In a video posted to Facebook Live, members of the group said they were unsurprised by the granting of the permit and the timing of the announcement, but they vowed to continue the fight to keep Sterigenics closed.

Illinois House Minority Leader Jim Durkin vowed the same. Durkin is a Western Springs Republican who is sponsoring House Bill 3885 to give home rule municipalities the authority to ban ethylene oxide emissions within their borders.

“The IEPA’s approval of the Sterigenics construction permit is disappointing, discouraging and downright wrong,” he said in a statement.  “Our fight is not over. We will continue working to pass new legislation in veto session that will allow municipalities to ban the use of ethylene oxide within their boundaries.”

After the permit was granted Friday, Pritzker’s office gave an endorsement to new, stricter legislation to regulate ethylene oxide that is likely to be on the agenda when the General Assembly returns to Springfield during the last week of October.

“Upon taking office, Governor Pritzker’s administration shut down Sterigenics. During the shutdown, the governor asked the General Assembly to pass the strictest possible law on ethylene oxide emissions. It’s clear now that the legislation was insufficient, so during the upcoming veto session, the governor expects that the General Assembly will strengthen the law they passed this spring. He is committed to signing the measure and the administration will strictly enforce it,” spokesperson Jordan Abuddayeh said in a statement.

The other bill being considered by the General Assembly is sponsored by Rep. Rita Mayfield, a Waukegan Democrat who represents a Lake County area that contains two ethylene oxide emitters – Vantage Specialty Chemicals and Medline Industries.

Mayfield’s House Bill 3888 provides that by 2021, no sterilization company can use ethylene oxide within five miles of a region with a population density of at least 10 residents per square mile, or within the same distance from a school or day care.
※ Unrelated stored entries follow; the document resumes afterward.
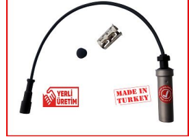
제품 ABS 센서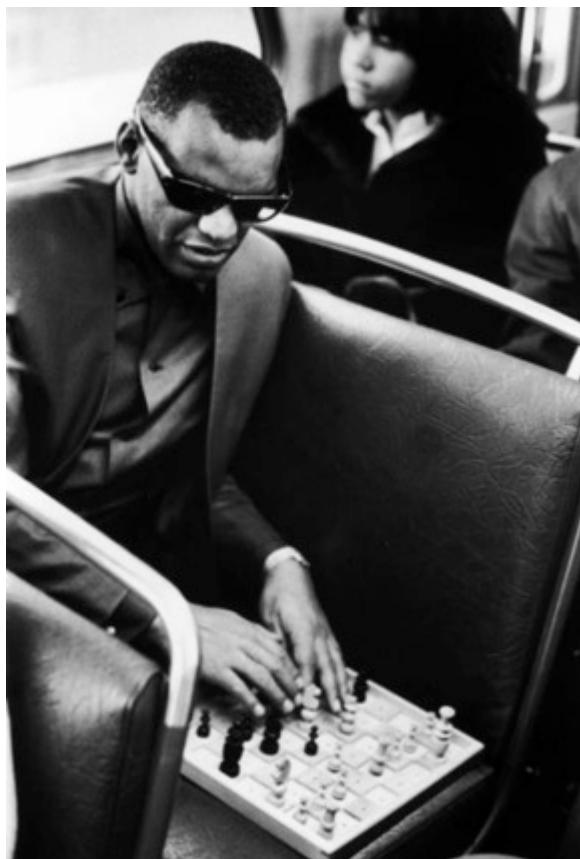
il cantante e pianista Ray Charles, nonostante la cecità, giocava a scacchi utilizzando una scacchiera speciale.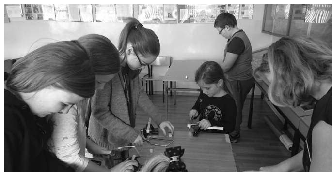
W Sadowie nie brakowało małych odkrywców.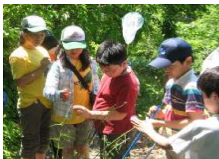
里山を観察してみよう

Hospitals using the gas would have to meet the same requirements by January 2022, while critical access hospitals would have until 2025. Those outside of dense areas and not within range of a day care or school would be allowed to emit no more than 30 pounds of ethylene oxide annually.

In a responsiveness summary posted to the IEPA’s website, the agency said it received more than 500 public comments regarding the permit issuance, most of which “generally expressed disapproval of the project.”

In that summary, the IEPA addressed concerns and pointed to Illinois law as the reason for allowing the permit.

“Under the Environmental Protection Act, the Illinois EPA is required to issue a permit to an applicant upon proof that the proposed facility or equipment will not cause a violation of the Act or promulgated regulations,” the summary stated. “This standard is a mandatory one, expressed in the language of the provision as a ‘duty’ that is imposed upon the Illinois EPA. While agency deliberation of certain aspects of the permit may be grounded in the exercise of discretion, the broader legal standard governing permit issuance or denial limits the discretion of the Illinois EPA.”